Wednesday, November 25, 2009

Tuesday, November 24, 2009

Things that bring me Joy Tuesday

1. Clean laundry that is put away.
2. A clean house, especially when I am not the one that cleaned it.
3. Freshly painted toenails.
4. Clean. good smelling children..vs. dirty, stinky little boys.
5. A baby laughing
6. Nicholas signing mom!
7. christmas..and everything about it..
8. Me in my suit (with a better body) sitting in achair in the Lake with a margarita in one hand and a huge bowl of tortilla chips with lots of lemon and a big ole bowl of guacamole.
9. Reading
10. Writing in solitude when something inspires me...
What brings you Joy on this boring Tuesday?

Monday, November 23, 2009

Deep thoughts and silent prayers

Well it has been 2 months since my mom has died. Things have gotten a little easier but she still crosses my mind every day. My Dad and I are luckily VERY close so we talk everyday and have little counseling sessions with each other. Through these little sessions we have gone through every emotion..sad..sadder..heartbroken..angry..etc.Finally, I think we are starting to move to a little bit of a better place. We have both realized the following:
1. God is always good. God always "has your back". God always knows what he's doing, even if you don't understand.
2. So..if #1 is true..then God had a reason for taking my mother so young..there is a deeper meaning and she is with God. Safe in the arms of Jesus people..what a place to be!
3. Thus, heaven exsists, she was good with God and all of us, and we know without shadow of a doubt that she is there with HIM...so..life is but a short glimpse of time and soon we will all be together again for eternity. Her passing brought my Dad closer to GOD then he has ever been..he will go to heaven for sure now and maybe the loss of a mother in order to bring her husband and countless others closer to Christ is worth all this pain? Yes..for sure YES! We only had 50 short years with her but we will see her again and spend eternity together!
All of this has been swirling around in my head for so long and I feel a sense of peace in relaizing the fact that life is short. Life is but a moment..soo short so fragile and we take it to lightly. We should give life all we have and God all we have. He uses what we do here as a way of seperating out the good from the bad so that He can fill heaven with all those that truly seek him. Its amazing how the acceptance of this can change ones life. happiness, personal, individual happiness is overrated. People..it is NOT all about YOU! Your actions effect many and sometimes one has to sacrifice a tad to keep those you love on the right path. Live life as if God is watching you and as if it may all end tomarrow. Don't wait to do the things you know you should..I feel very strongly on this which is why I went off on this crazy tangent. it would literally kill me if my mothers death is in vain. She was worth so much more than that and i pray that losing her will continue to keep myself and others in a constant "life check'.

Not me Monday!

I need to learn how to link this to MCKmama..her's are soo funny!

So here goes....
1.I did not..no not me..drink way too much at my friend's birthday party and proceeed to puke on myself, the car and a friends driveway..nope not me..
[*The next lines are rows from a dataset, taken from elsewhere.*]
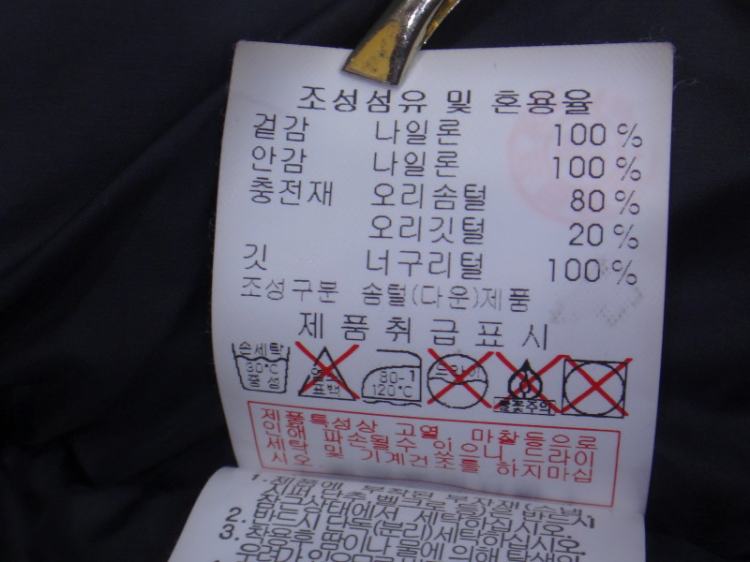 충전재:오리솜털80% 오리깃털20% (보온성좋음)
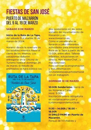 Horario: desde la apertura de los establecimientos hasta el cierre de los mismos. Los pasaportes deberán entregarse en la Oficina de Turismo hasta el domingo 24 de marzo. El listado de premiados se hará público los días posteriores en las redes sociales del Ayuntamiento de Mazarrón y en www.mazarron.es,
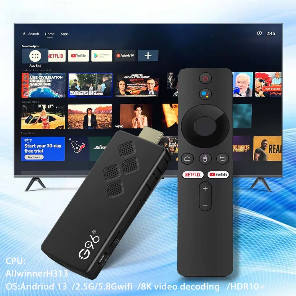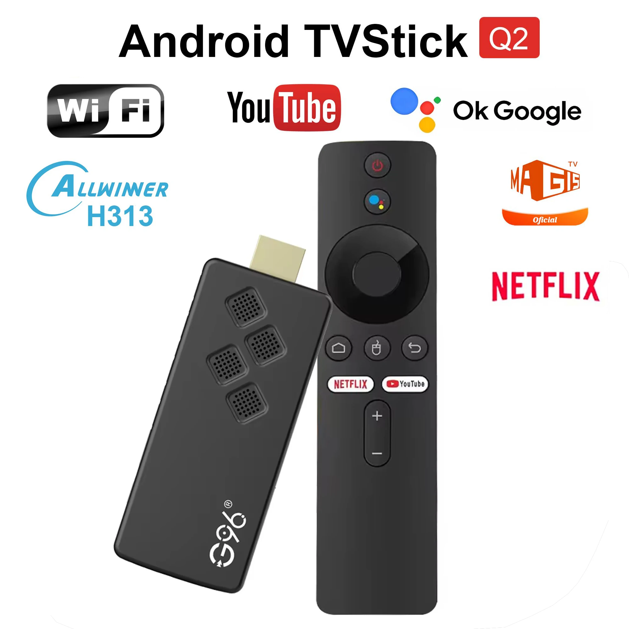 Comprar Android TV Stick Q2 Allwinner H313 Quad Core 4K Transmisión multimedia portátil Netflix Youtube Asistente de Google 2 GB 16 GB Multiidioma

2.I did not forget to read the part where it said.."While you are on this diet you should NOT DRINK ALCOHOL as you will metabolize it much quicker"..nope not me I always read the whole book and pay close attention..
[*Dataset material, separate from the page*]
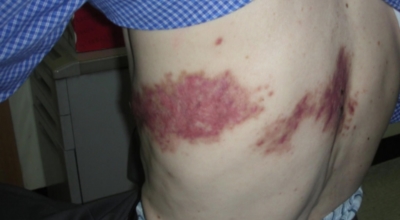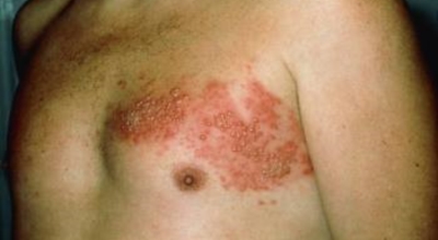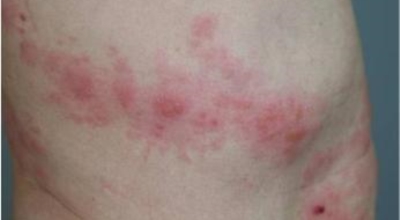 피부발진은 대상포진의 대표적인 증상 중 한 종류이죠. 바이러스가 침투한 감각 신경 분포를 따라 줄무늬가 생기는 것이 특징이며 초기에는 몸 일부에 발진과 물집이 생기다가 3~4일 후에 물집이 고름으로 변하면서 1주일에서 10일 사이에 딱지가 생깁니다.

3.I did not go and see NEW MOON twice already..nope not me..I am not overly addicted to some teeny bopper books..

4. I am not in love with a fictional character..see #3..nope not me..I just love the love story.
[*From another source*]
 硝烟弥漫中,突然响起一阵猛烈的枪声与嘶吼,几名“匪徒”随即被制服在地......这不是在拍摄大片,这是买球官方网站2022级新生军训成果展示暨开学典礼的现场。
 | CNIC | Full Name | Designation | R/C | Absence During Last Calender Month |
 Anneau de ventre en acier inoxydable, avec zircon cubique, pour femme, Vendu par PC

5. I do all my laundry ever week and never...ever let it pile up to an insane amount..nope not me I'm perfect..ha ha..sorry couldn't help myself.

6. I did not take a sip of wine tonight..see #2..and the proceed to spen the next hour in the bathroom..nope I learn from my mistakes!

Ahh that was so much fun! So glad to be back in the blog world. I'm challenging myself to update my blog everyday for a month!